Frequently Asked Questions

What is the largest HIPAA fine ever imposed?

The largest HIPAA settlement is $16 million, paid by Anthem Inc. in 2018 following a data breach that affected 78.8 million individuals. The investigation found failures in risk analysis, access controls, and information system activity review.

What are the most common types of HIPAA violations?

The most common HIPAA violations include failure to conduct a risk analysis, unauthorized access or disclosure of PHI, lost or stolen unencrypted devices, improper disposal of PHI, and lack of business associate agreements. Failure to perform an enterprise-wide risk analysis appears in the majority of OCR settlements.

Can employees be personally fined for HIPAA violations?

While OCR enforcement actions typically target organizations, the Department of Justice can pursue criminal penalties against individuals who knowingly obtain or disclose PHI in violation of HIPAA. Criminal penalties can include fines up to $250,000 and imprisonment up to 10 years for offenses committed with intent to sell or use PHI for personal gain.

How long does OCR have to investigate a HIPAA violation?

There is no formal statute of limitations for HIPAA enforcement. OCR investigations can span several years from the date of the violation or discovery. However, OCR generally initiates investigations within 180 days of receiving a complaint or breach notification, and most settlements are reached within 2 to 4 years.

What triggers an OCR HIPAA investigation?

OCR investigations are most commonly triggered by breach notifications (mandatory for breaches affecting 500+ individuals), complaints filed by individuals, and periodic compliance audits. Breaches affecting 500 or more individuals are automatically reviewed by OCR, while smaller breaches are investigated on a case-by-case basis.

Can a HIPAA violation result in criminal charges?

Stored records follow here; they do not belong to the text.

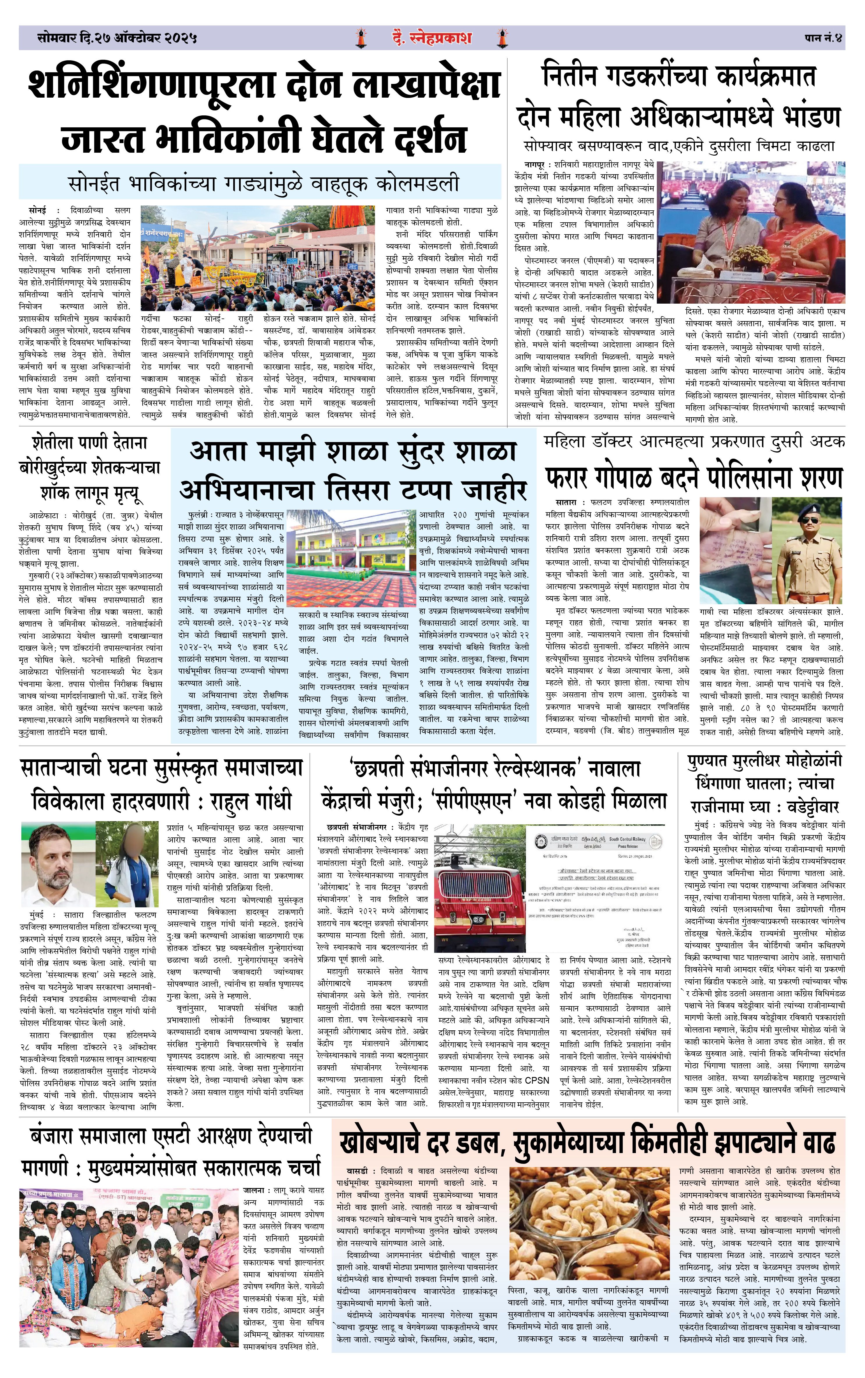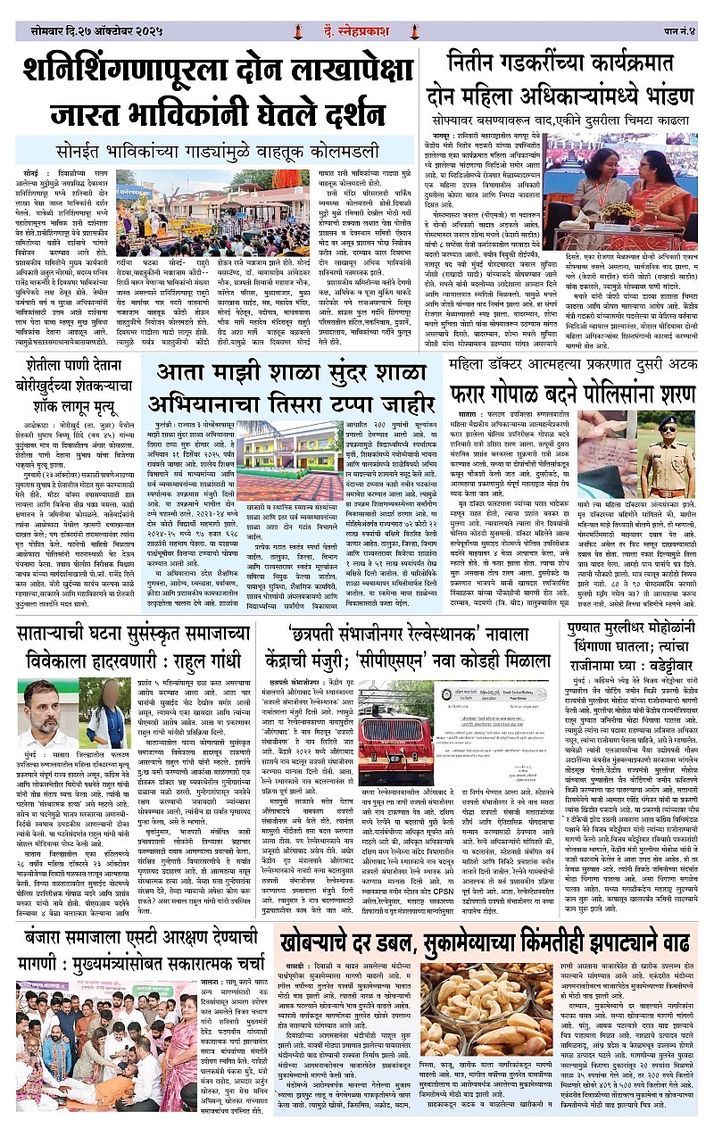 Daily Snehprakash (Marathi) Page: 4 October 27, 2025 Ahilyanagar-Pune-Nashik-shrirampur maharashtra 1 2 3 4 Page 1Page 2Page 3Page 4 × Daily Snehprakash (Marathi) Snehprakash 1-4 (27 Oct 2025) ColourSnehprakash 1-4 (27 Oct 2025) Colour2Snehprakash 1-4 (27 Oct 2025) Colour3Snehprakash 1-4 (27 Oct 2025) Colour4 << First << 4 >> Last >> Page no 1Page no 2Page no 3Page no 4
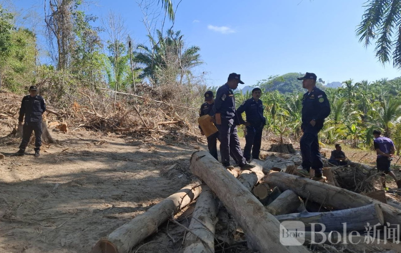 Bole新闻专讯:泰国春蓬府近日发生一起严重非法盗伐案件,执法部门在当地“通拉亚-纳萨克”保护森林区域展开联合检查时,发现大片珍贵柚木林遭到破坏,现场情况触目惊心,引发社会关注。
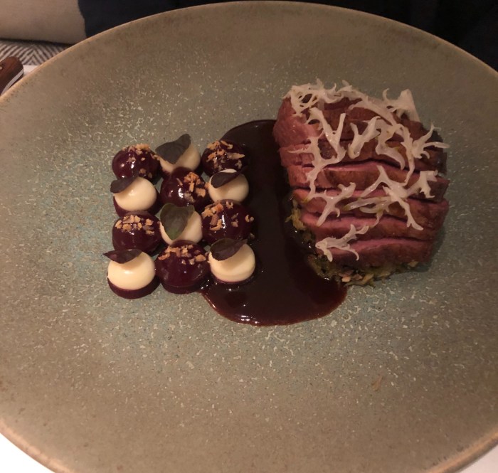 Having perused the Menu, Friend, asked me ” what is Soulard Duck”? Not a clue was my reply, a quick Google found it to be a tho of duck from the Vendée in France, either fatty or not fatty, I assume a bit like Gressingham Duck Of UK origins. The menu stated only Soulard Duck, no mention if it was breast or leg or confit ( it turned out to be breast). However, when the Maitre D was asked about Soulard Duck , he looked down from great height ( he was even taller than himself) rather snootily and told us. So we ordered , me the green asparagus, Himself the caramelised onion tart and Friend carpaccio of fish, followed by the Duck, Himself, Lamb Wellington and myself the Cod, ( with more asparagus but this time white.
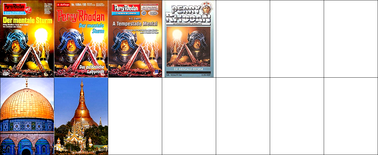 1 - 4 gleiches Bild, 4 seitenverkehrt, die Gebäude im Hintergrund könnten der Felsendom in Jerusalem und die Shwedagon Pagode in Rangon in Myanmar sein |
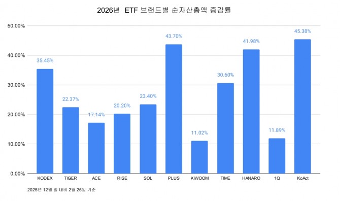 두 브랜드의 증가액을 합하면 62조 원으로, 전체 증가분의 약 75% 이상을 차지한다. ETF 시장에서도 대형 운용사 중심의 자금 집중 현상이 강화되고 있다는 의미다.
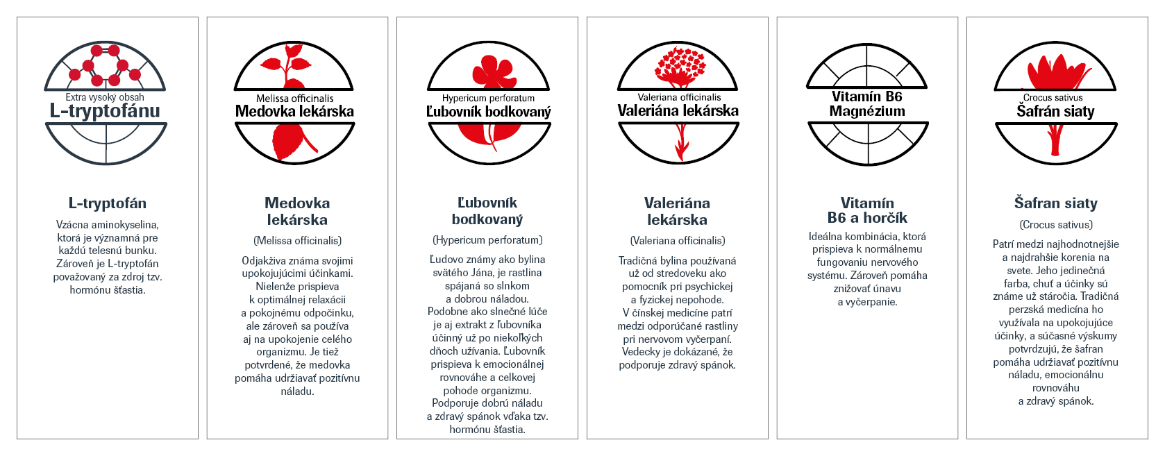 Účinné látky: L-tryptofán, extrakt 2valeriány lekárskej, extrakt z 3medovky lekárskej, extrakt z 4ľubovníka bodkovaného, extrakt z 5šafránu siateho, 1vitamín B6, horčík.
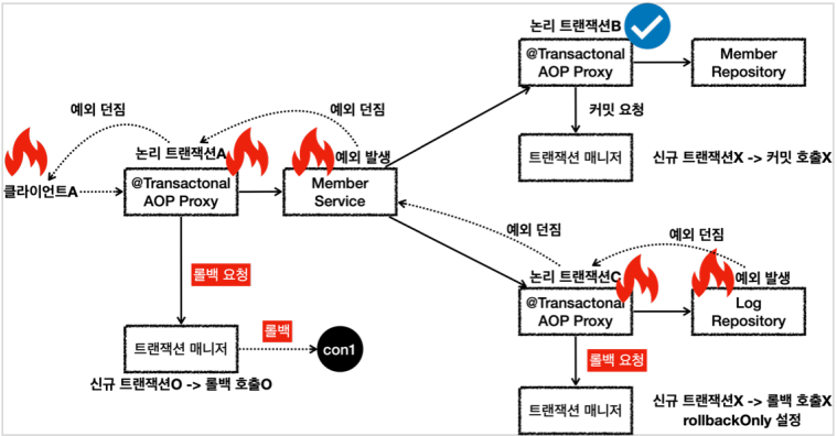 트랜잭션 AOP가 정상 커밋을 요청해도, 이미 로그 리포지토리에서의 트랜잭션 AOP가 rollbackOnly 마킹을 해놓았기 때문에 롤백된다.

Yes. The Department of Justice handles criminal HIPAA enforcement. Penalties range from a $50,000 fine and one year imprisonment for knowing violations, up to $250,000 and 10 years imprisonment when PHI is obtained or disclosed with intent to sell, transfer, or use it for commercial advantage or personal gain.

How can small healthcare practices avoid HIPAA violations?

Small practices should conduct a risk analysis using OCR's free Security Risk Assessment Tool, encrypt all devices, train staff annually, implement access controls with unique logins, establish proper disposal procedures, and execute BAAs with all vendors. Many settlements involve small practices, so size does not exempt organizations from compliance.